On July 25, manufacturer 3M reported its second-quarter 2023 earnings, which included sales of $8.0 billion, down 4.7% year-over-year, with organic sales declining of 2.5% year-over-year.
The 4.7% decline was a sequential improvement from 1Q 2023’s YoY sales decline of 9%. Operating cash flow for 2Q was $1.5 billion, up 34% year-over-year. Adjusted free cash flow also was $1.5 billion, up 44%.
Overall, however, the company reported a net loss in income of $6.84 billion, largely driven by a settlement over contaminated water.
In June, 3M agreed to pay up to $12.5 billion to settle an environmental lawsuit brought by cities that claimed the chemicals in the firefighting foam provided to them contaminated drinking water. The company announced that the settlement will provide funding to public water suppliers nationwide that have detected PFAS in drinking water and other public water suppliers that may detect the chemicals in the future.

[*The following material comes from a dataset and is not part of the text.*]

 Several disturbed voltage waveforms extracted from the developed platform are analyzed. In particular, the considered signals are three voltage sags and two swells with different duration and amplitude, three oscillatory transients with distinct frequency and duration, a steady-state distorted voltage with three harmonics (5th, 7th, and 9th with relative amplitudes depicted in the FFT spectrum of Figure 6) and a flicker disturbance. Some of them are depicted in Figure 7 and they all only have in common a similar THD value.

Under the settlement terms, 3M said it has agreed to contribute up to a present value of $10.3 billion, payable over 13 years.

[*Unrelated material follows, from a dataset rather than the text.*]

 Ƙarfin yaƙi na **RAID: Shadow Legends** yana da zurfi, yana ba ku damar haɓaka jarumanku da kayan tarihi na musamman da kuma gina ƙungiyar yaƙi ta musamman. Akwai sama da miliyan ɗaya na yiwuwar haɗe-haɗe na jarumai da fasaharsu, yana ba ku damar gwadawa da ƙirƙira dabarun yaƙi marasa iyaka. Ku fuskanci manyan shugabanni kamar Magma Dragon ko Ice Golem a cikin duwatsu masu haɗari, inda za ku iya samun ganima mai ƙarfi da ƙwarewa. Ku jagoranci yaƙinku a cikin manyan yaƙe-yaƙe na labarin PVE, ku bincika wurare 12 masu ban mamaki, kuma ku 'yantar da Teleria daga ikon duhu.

Despite some losses, 3M reported better-than-expected quarterly results, boosted by higher prices and cost-cutting measures. As consumer electronics demand declined, the company also reduced its global workforce by 10%.

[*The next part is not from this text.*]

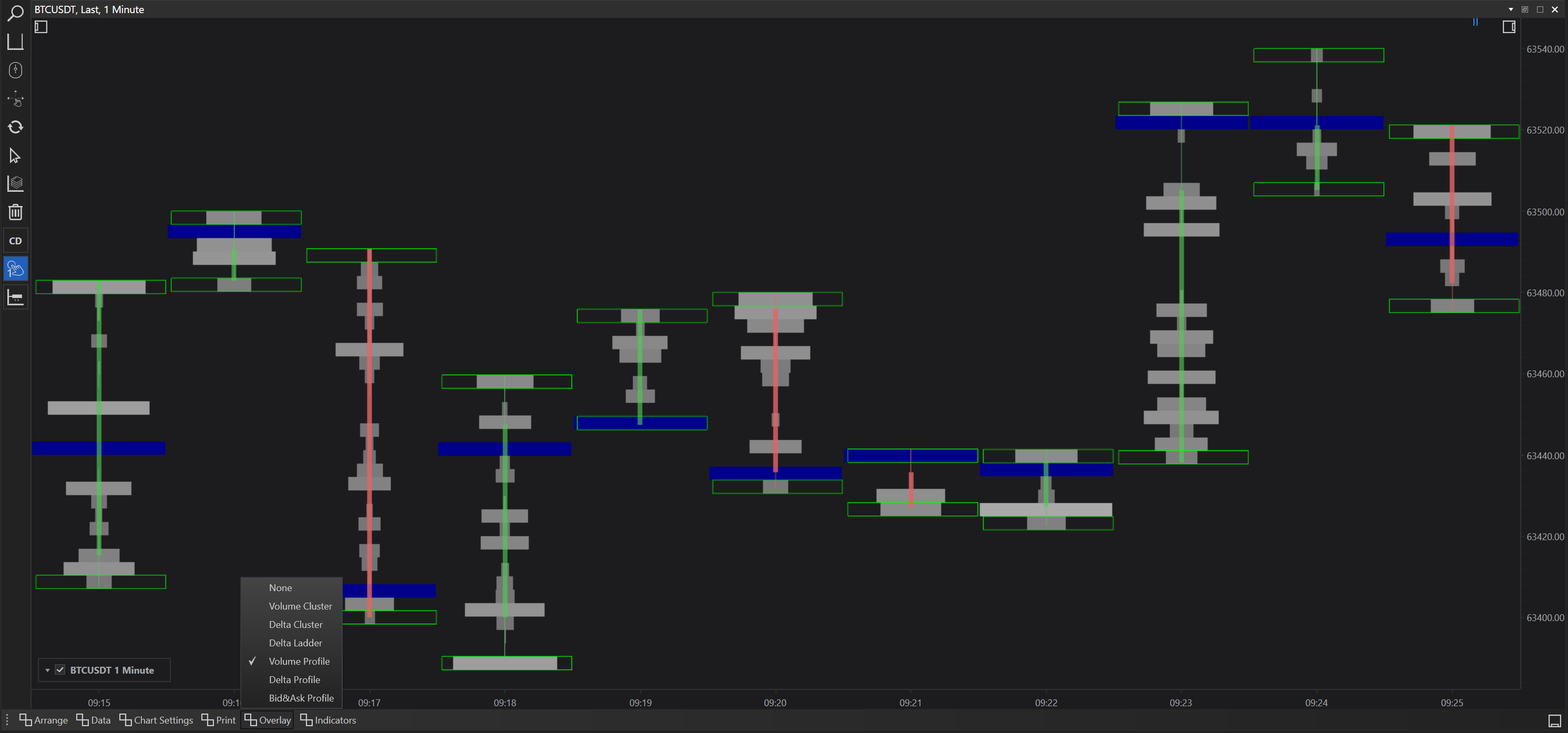 FinStudio's Cluster Charts not only provide detailed data prints on each candle but also allow for the overlay of various analytical tools to enhance market visualization and depth analysis. These overlays help traders to interpret market behavior more effectively by adding layers of data over the basic price action displayed by the candle bar charts. Here, we detail each overlay option available and its applications in trading.

“In the second quarter, the actions we took to strengthen our supply chain and restructure the company led to improved service for customers, reduced costs across 3M, and better than expected margins and cash flow,” said Mike Roman, 3M Chairman & CEO. “As we execute our strategy, we are positioning 3M for long-term performance, including progressing the planned spin of our Health Care business and addressing a significant portion of PFAS litigation.”
The company’s Safety & Industrial business segment had $2.765 billion in adjusted net sales in 2Q, down from $2.924 billion during the same quarter in 2022. Organic growth for 2Q was 4.6%. Adjusted operating income for the quarter was $614 million, down from $630 million in 2Q 2022. Operating margin was 22.2%, up slightly from 21.5% during the same quarter last year.
During 2Q, GAAP loss per share was $12.35, with an operating margin of -107.6%, including the previously announced proposed settlement agreement with PWS regarding PFAS.
The company also said it returned $828 million to shareholders via dividends during the quarter.